Primavera Gallery


Primavera is a fine arts and crafts gallery at 10 King's Parade in Cambridge, England. Henry Rothschild of the Rothschild family founded Primavera in 1945 in Sloane Street, London, in order to promote and retail contemporary British art and craft. The Cambridge branch of Primavera was founded in 1959, when Rothschild took over a shop formerly run by the Cambridge Society of Designer-Craftsmen on King's Parade.
Henry Rothschild first became interested in the crafts when he encountered them in Italy in 1944 while on Army service with the Royal Corps of Signals. On his return to England, he researched British crafts and decided to found Primavera in Sloane Street. Primavera offered stoneware by the Winchcombe and Crowan potteries, tin-glaze from the Cole brothers' Rye Pottery, tableware by Lucie Rie, textiles, furniture and basketwork being exhibited and sold.

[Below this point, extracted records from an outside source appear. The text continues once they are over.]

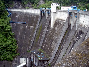 今回唯一のロックフィル・有間ダム(L)、試験湛水中の滝沢ダム(R)
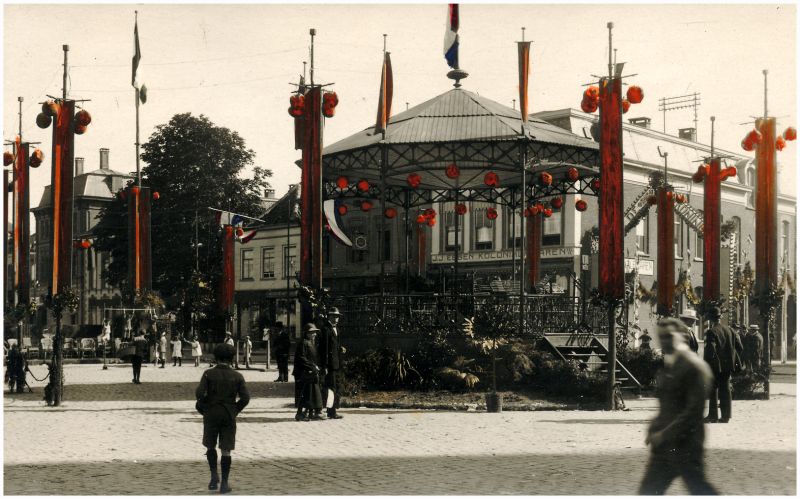 De winkel van Ebben blijft dan ook bestaan. Vanaf 1916 werken de firmanten nader samen in de nieuwe Combinatie EDAH. En die mondt in 1917 weer uit in de N.V. EDAH. Dan exploiteert de firma zelf ook winkels, maar Ebben blijft een eigen winkel houden. Dat maakt dat er jaren lang naast elkaar op de Markt de winkels van EDAH en Ebben liggen. Op de eerste foto is het pand van Ebben te zien. Het is een diep pand, waarvan de zijgevel een flink deel van de Ameidestraat beslaat. De foto is gemaakt tijdens de feesten ter gelegenheid van het 25-jarig regeringsjubileum van koningin Wilhelmina. De kiosk is prachtig versierd, vlaggen wapperen en bij de ingang van de Ameidestraat staat een ereboog met de tekst: Leve de koningin. Links staan allemaal stoelen opgesteld. Vermoedelijk is de foto gemaakt net voor het feest op de Markt zal losbarsten. Een paar kinderen wachten daar niet op. Ze zwaaien aan een rekstok.
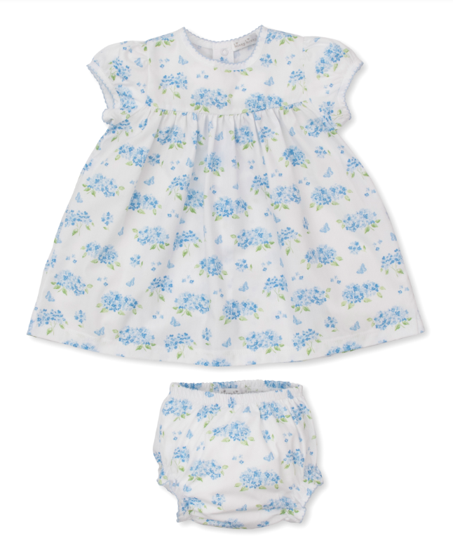 Our adorable blue heavenly hydrangeas print patterns this woven baby dress set, complete with a diaper cover. Made from 100% Pima cotton for a soft and comfortable fit.
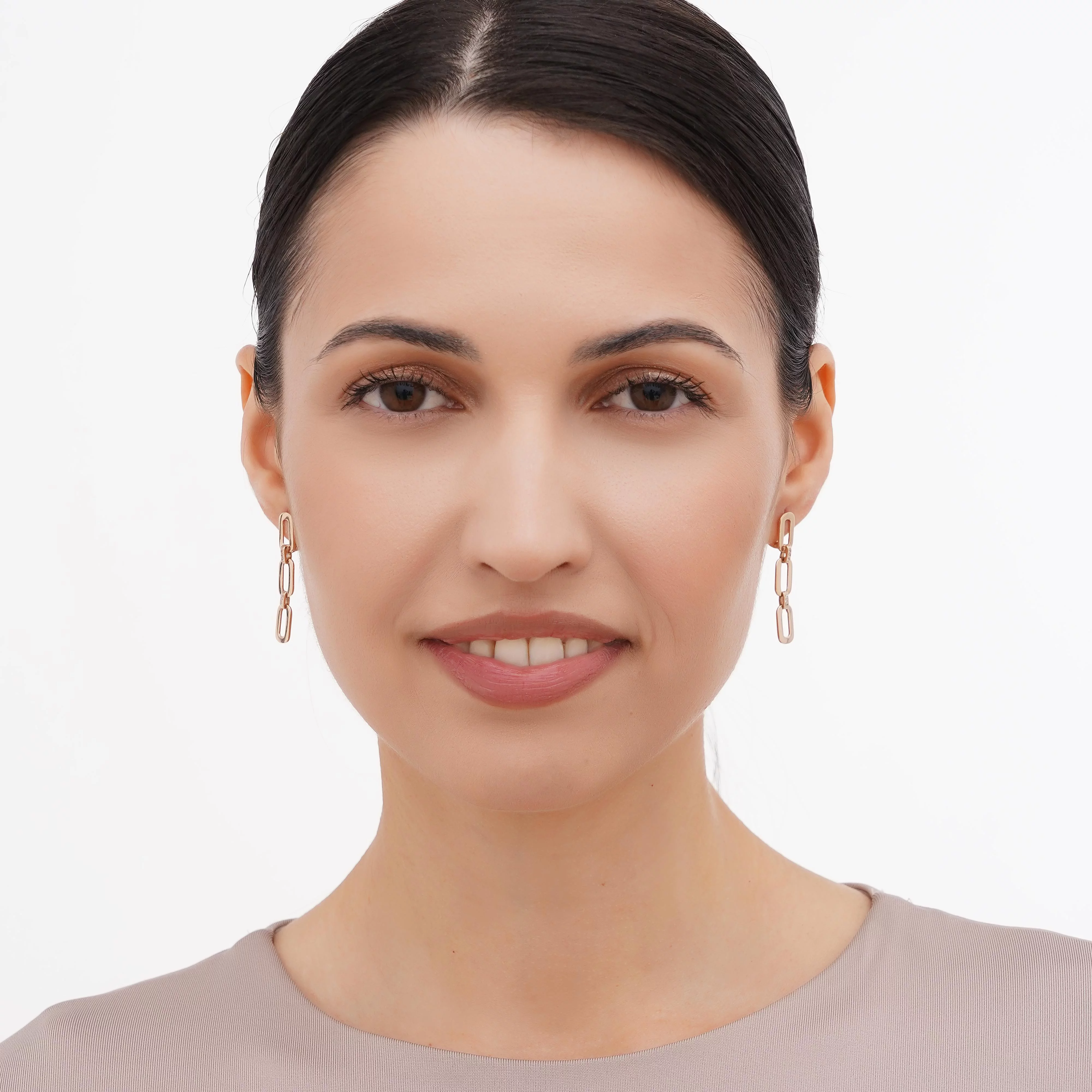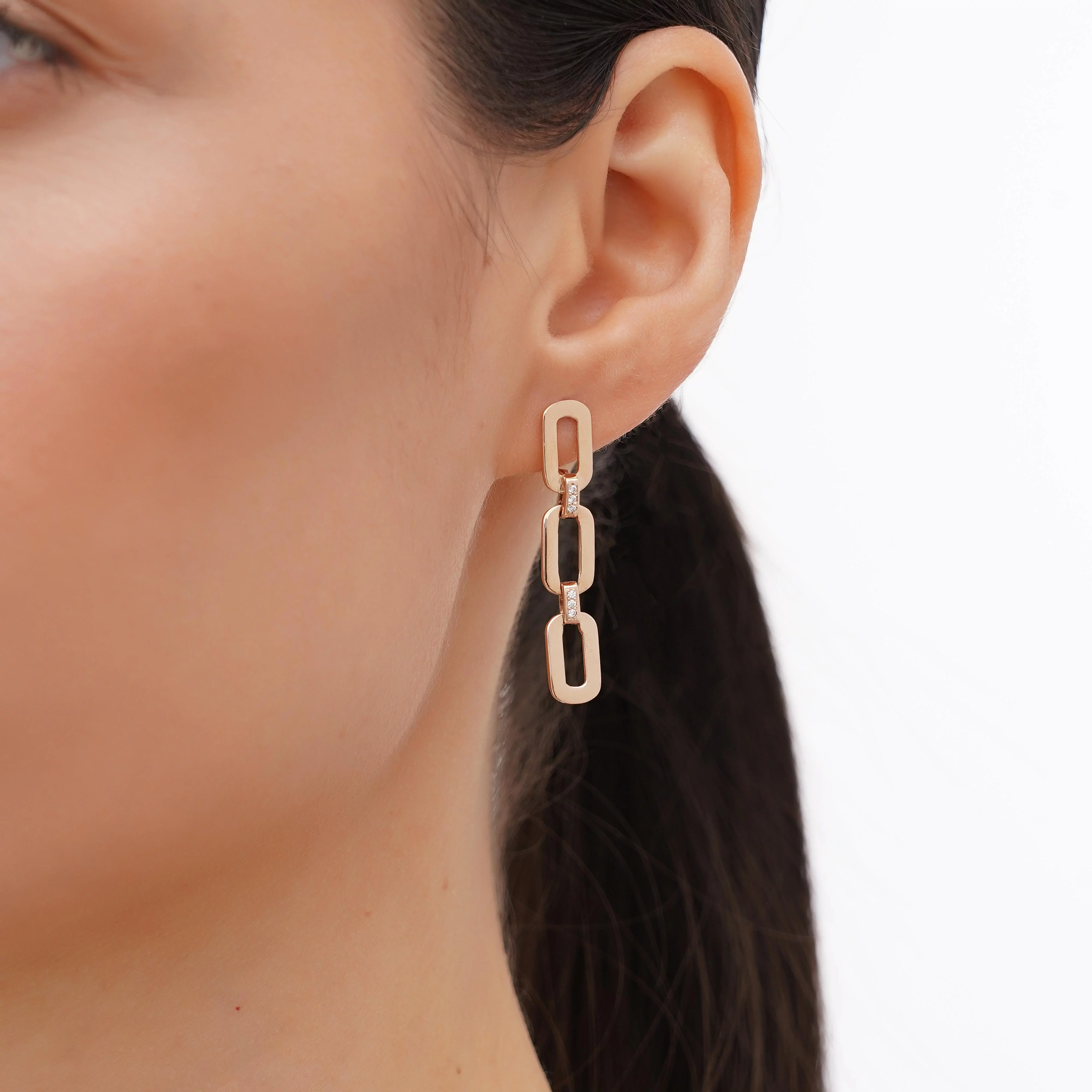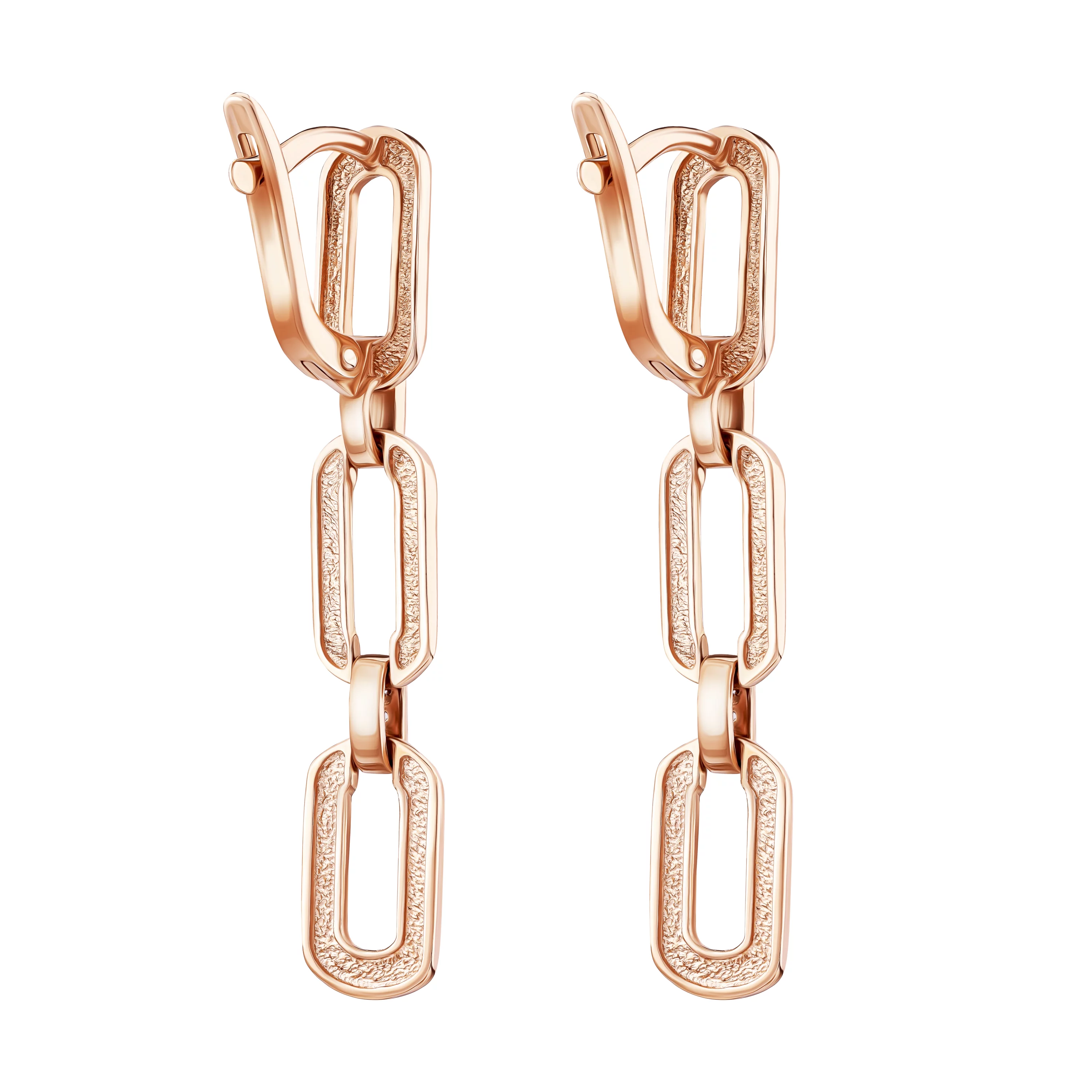 Стильні сережки з підвісами у червоному золоті з емаллю та фіанітом - 1928138
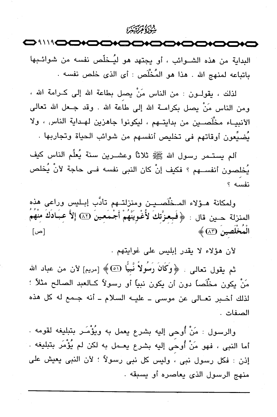 ألم يستمر رسول الله صَلَّى اللَّهُ عَلَيْهِ وَسَلَّم َ ثلاثاً وعشرين سنة يُعلِّم الناس كيف يُخِلصون أنفسهم؟ فكيف إنْ كان النبي نفسه في حاجة لأنْ يُخلص نفسه؟
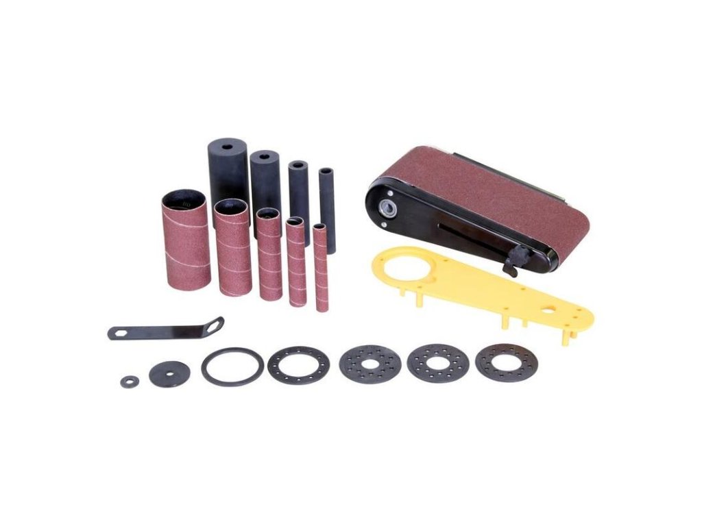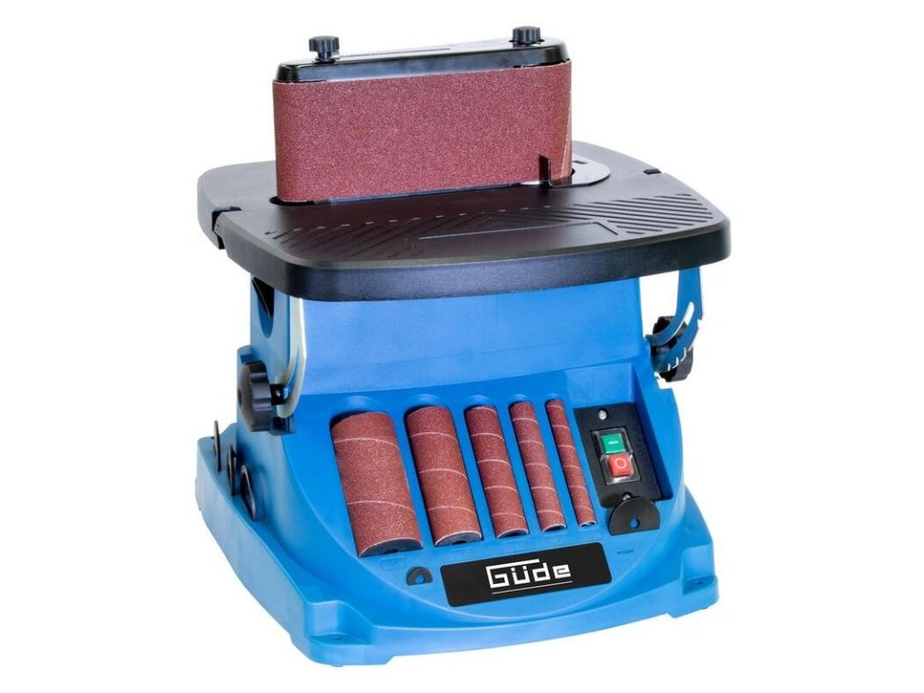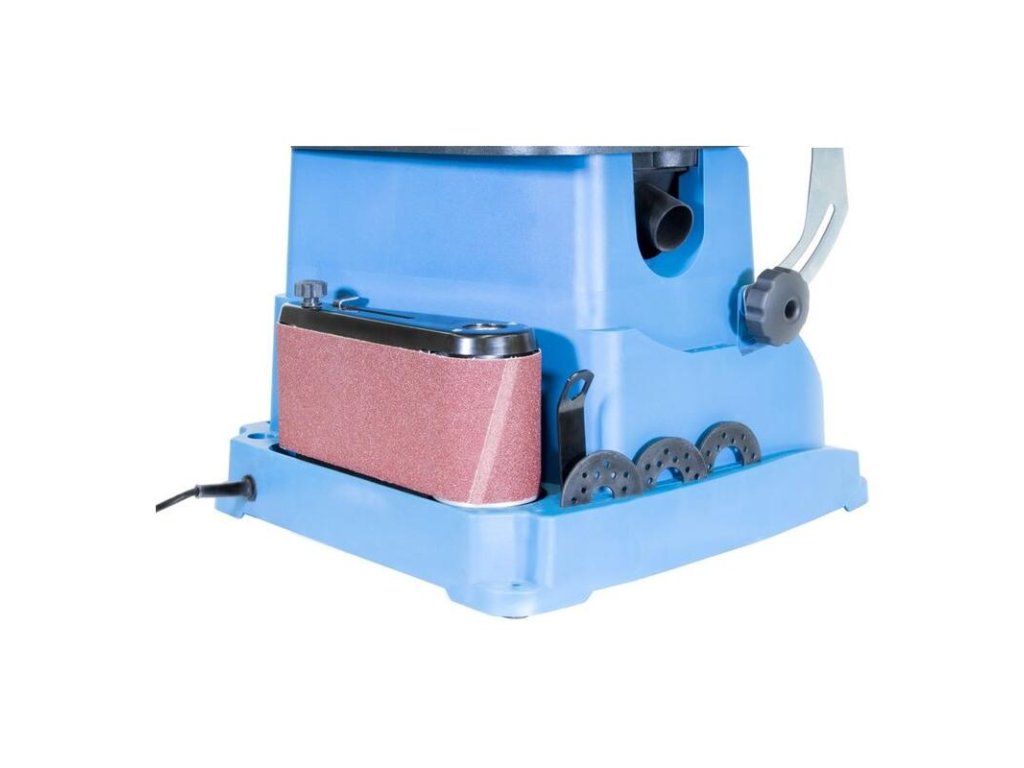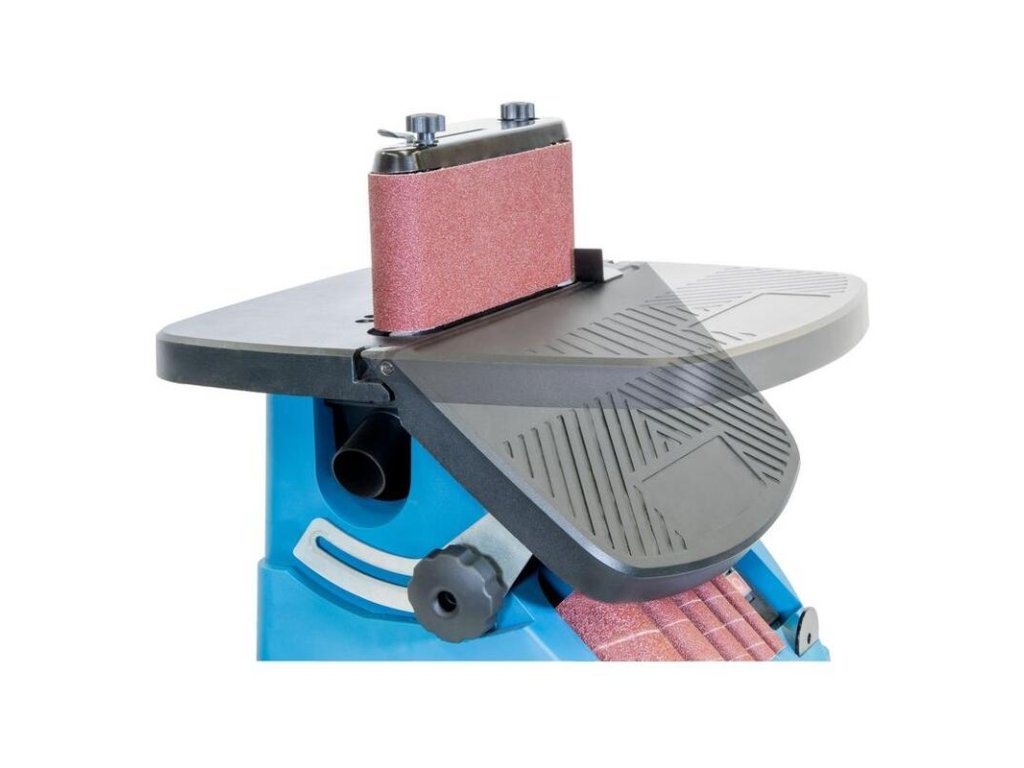 Vretenová a pásová brúska s osciláciou. Rýchle prestavenie bez náradia. Stôl prestaviteľný o 45°. Praktický priestor pre odkladanie príslušenstva a náradia. Vrátane 1 ks brúsneho papiera K80, 5 ks kladky: 2", 11/2", 1", 3/4", 1/2", 5 ks vložka do stola: 13, 19, 26, 38, 51 mm, 1 ks kladka pre brúsny pás, 1 ks kľúč.
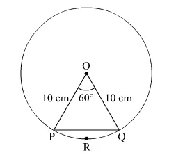 A chord PQ of a circle of radius 10 cm subtends an angle of 60° at the centre of the circle. Find the area of major and minor segments of the circle.
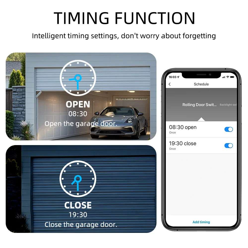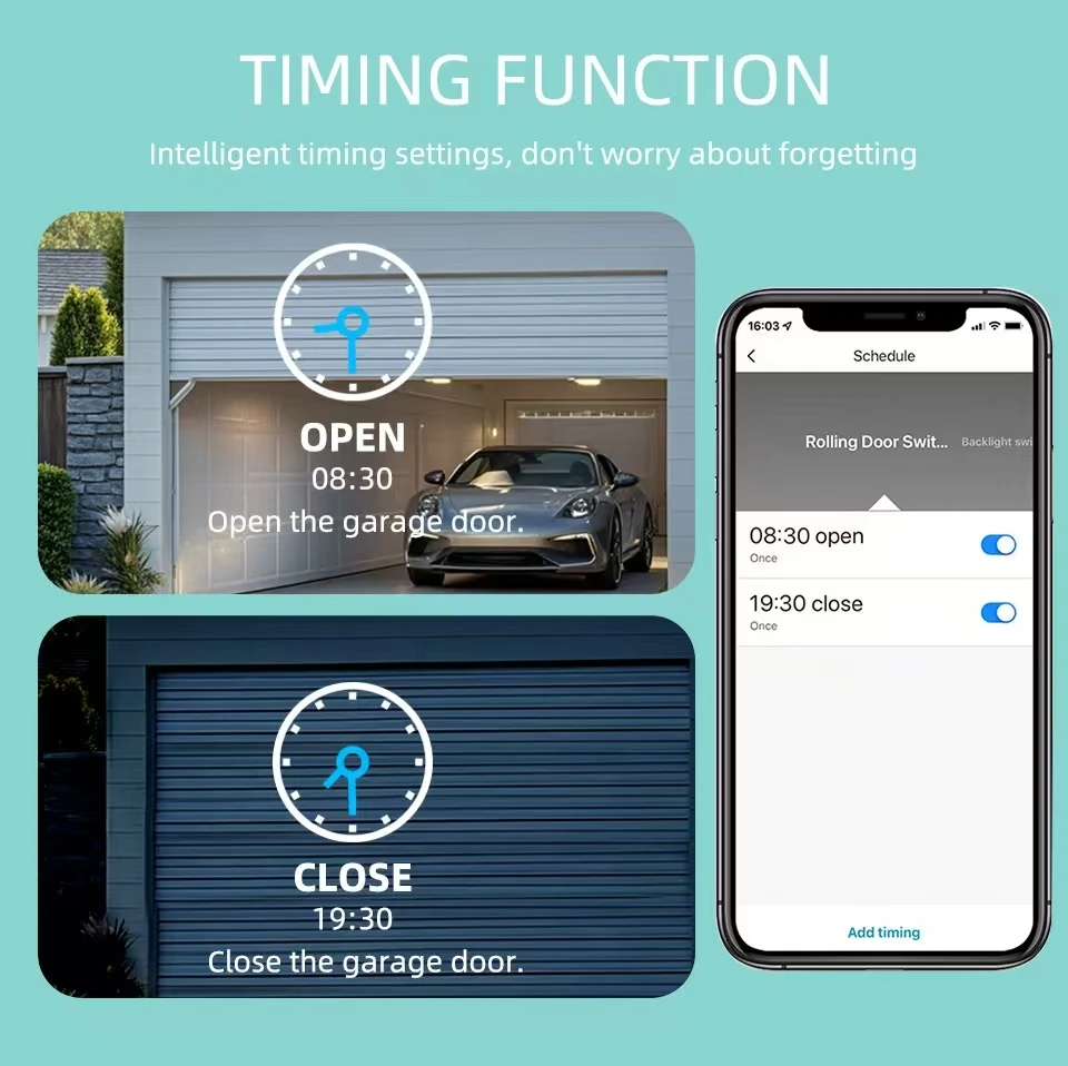 1.The Tuya Smart APP can remotely open/close the garage door,and view the historical open/lose records
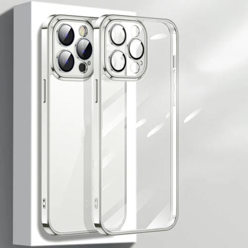 For iPhone 14 Electroplated Glass Phone Case(Silver)
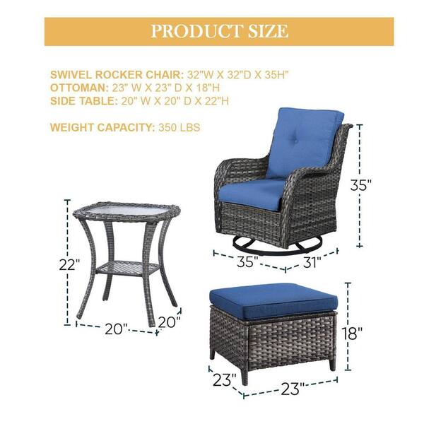 Carolina Gray 5-Piece Wicker Patio Conversation Set with Blue Cushions
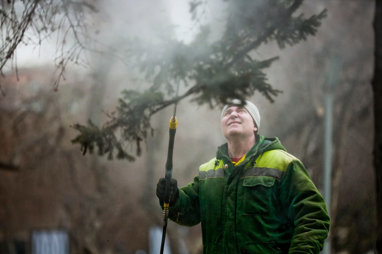 Чтобы достать до самых высоких ветвей, специалисты используют автовышку и поливочные машины. На помывку одного дерева требуется около 15 минут и 80 литров воды. Дождевание начинают с кроны, мыльный раствор легко смывает грязь, старую хвою и личинки вредителей со стволов. В городских условиях иголки страдают от загрязнений и живут в среднем в два раза меньше, чем в природе. Процедура помогает растению быстрее проснуться и начать фотосинтез.
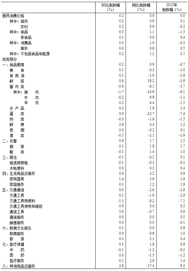 国家统计局:2025年12月份居民消费价格同比上涨0.8%

From 1953, Primavera developed an exhibition programme showing continental ceramics, toys, sculpture and folk art. The reputation of the gallery enabled Rothschild to promote arts education in schools and to support museums and local authorities in putting together art and craft collections.
Following the establishment of Primavera in Cambridge, the interior was refitted by Gordon and Ursula Bowyer and the basement redesigned as a textile showroom. Marion Goodwin and Valerie Webb were appointed as managers and focused on sourcing local crafts. The upstairs gallery space at 10 King's Parade was once home to Charles Lamb, the poet and essayist, along with his sister Mary in 1819.
In 1965, the Viewpoint 1965 exhibition held at the gallery featured Geoffrey Clarke, Mary Potter, and Dan Arbeid.
In 1999 the current owner, Jeremy Waller, purchased the gallery. Jeremy returned to Cambridge after spending many years working and travelling in Europe, the Middle East and Africa. Whilst overseas he continued his lifelong study of different cultures and arts practise.
Jeremy Waller's purchase of Primavera continued the lineage of the two previous owners with a keen interest in raising the profile of UK artists and makers. Since 1999, Primavera has been remodelled to accommodate more work on 3 floors of the King's Parade site, and opened a sister site at 13 Magdalene Street, which functions as a dedicated exhibition space as well as a studio for an artist-in-residence scheme. As a painter Jeremy has brought an artist's eye to the space and Primavera now represents more than 500 UK makers, exhibited in a unique way in the Grade II listed galleries on King's Parade. He and his wife Sheila have also dedicated a significant part of their home and grounds at College Farm, Haddenham, to housing a permanent collection of work by UK artists.
In 2001 Waller revived the connection between the Fitzwilliam Museum and Primavera by staging a joint exhibition entitled "Ceramics and Glass". New works by Caiger-Smith and Peter Layton were shown. Primavera has received commissions from Cambridge University to design and craft pieces for colleges, including a pair of wooden candlesticks for St Catharine's College turned by Guy Ravine in 2008. Primavera displays jewellery by the late Barbara Christie.
Numbers 10 and 11, King's Parade is a Grade II listed building.

History

In 1945 Henry Rothschild opened Primavera at 149 Sloane Street, London. In 1953, Primavera developed an exhibition programme starting with a selection of traditional British baskets held at the Tea Centre.
In 1999, Anglia Ruskin University, Cambridge, recognised Rothschild's
contribution to the crafts by awarding an honorary Master of Arts degree.
In 1999, Jeremy Waller purchased Primavera and continued the exhibition programme at 10 and later also 11 King's Parade.
In 2013, Primavera displayed a new collection of porcelain and ceramic vessels by Tony Laverick
In 2016, painter Stuart Cain was Primavera's artist-in-residence for Cambridge Open Studios.